[FFmpeg-devel] [PATCH] Fix mm_flags, mm_support for ARM

Tue Jul 1 00:30:30 CEST 2008

matthieu castet <castet.matthieu at free.fr> writes:

>> 
>> Could you or anybody else having compatible ARM device just do some
>> benchmarking to confirm my results (I posted benchmarks here multiple 
>> times already). It would be a really good help. Because I feel that
>> some people here still doubt that it provides a major performance
>> improvement.
> For dct-test (yes I know it is not a benchmark) on a arm926ejs svn 
> implementation got 126.7 kdct/s, your 154.6 kdct/s.

For reference, what figure do you get with C simple_idct (-idct simple)?

>> Once/if the performance improvement is confirmed, a help with
>> integration would be really needed. That's not a joke, I really
>> fail to see any problems with the "balign/ASMALIGN/stack alignment"
>> stuff, so I can't fix them. A good example of a solution (a working
>> patch) is very much welcome.
>> 
> Could you list the integration problem that remains ?
> For the alignement stack, may be for old eabi you could use ldm/stm 
> instead of double load/store instruction but still use double load/store 
> instruction on EABI.

The ARM ABI requires the stack pointer to be 8-byte aligned at
external interfaces.  There should be no problem using ldrd there.

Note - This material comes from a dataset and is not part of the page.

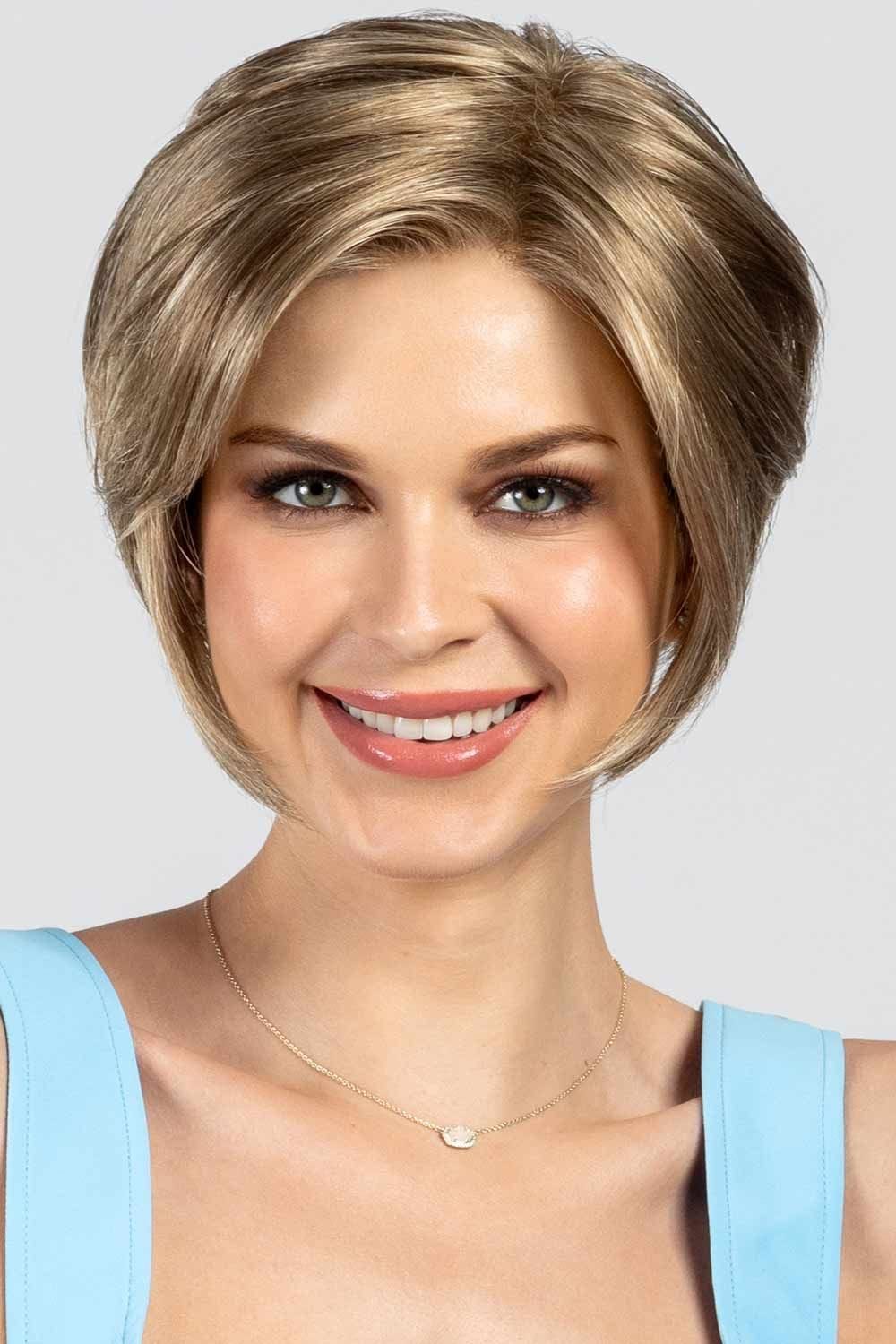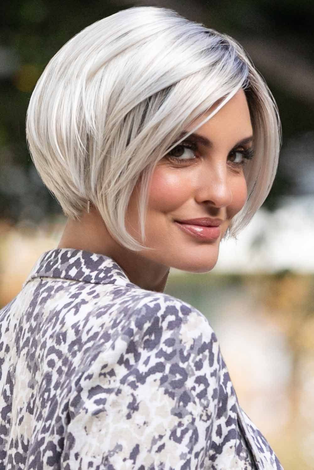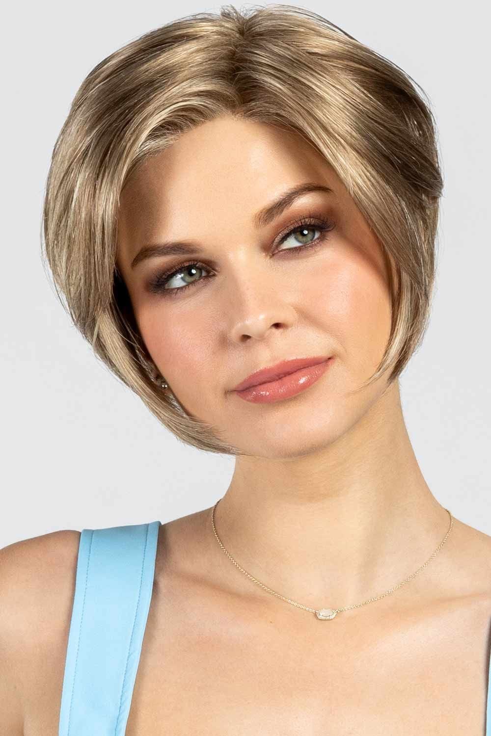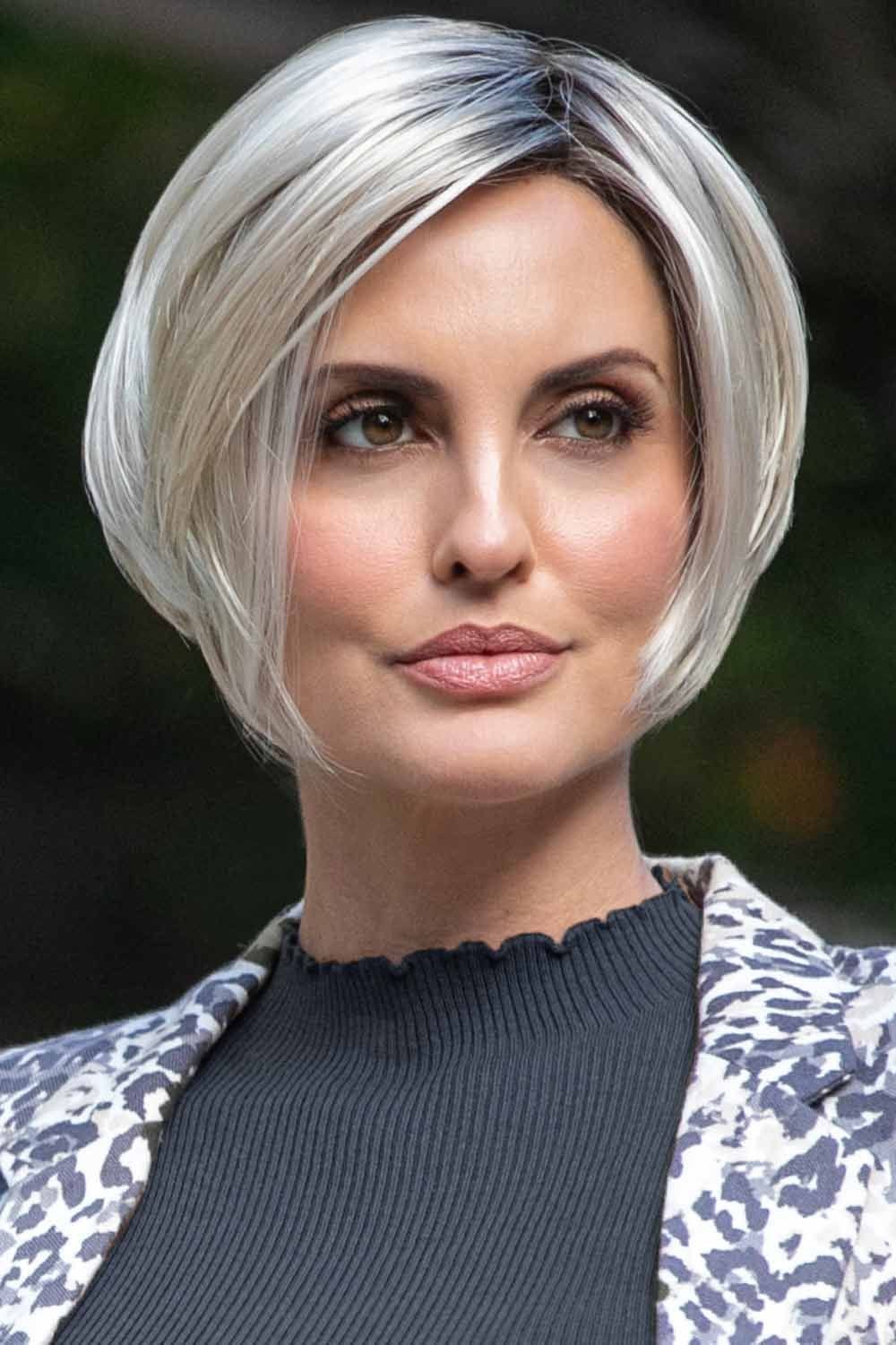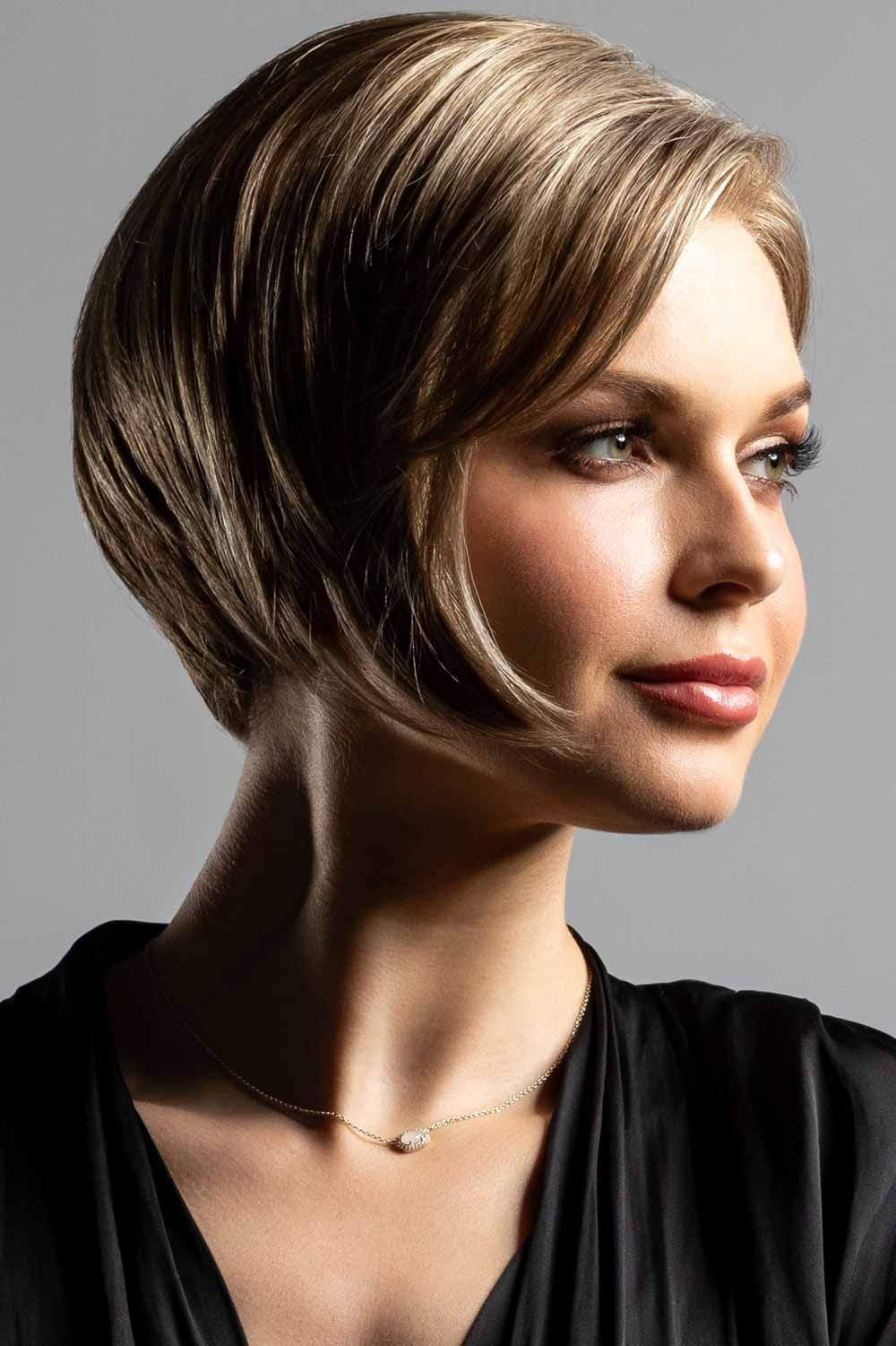 Imagine hair that feels like a whisper against your cheeks — Kari begins with a 7″ whisper-soft fringe that swoops elegantly to one side, brushing just above the brows. She shapes into a chic short bob with a gentle A-line slope: 7″ at the crown, tapering to a neat 6.5″ side and sleek 2.5″ nape. The result? A clean, eye-skimming silhouette that frames your face and shows off your neckline.

> For memory pool, why don't you do only one memory pool ?
> With a good packing, this could avoid lot's of balign.
>
> Do you benchmark the improvement by using double load/store instruction. 
> My manual (DDI0222B_9EJS_r1p2.pdf) say that for arm9js :
> - The LDRD instruction behaves in the same way as an LDM of two registers.
> - The STRD instruction behaves in the same way as an STM of two registers.

That is true on ARM9.  On ARM11, an 8-byte aligned LDRD takes one
cycle with a latency of three cycles (same as a single LDR), so it
should be faster for aligned data.

-- 
M?ns Rullg?rd
mans at mansr.com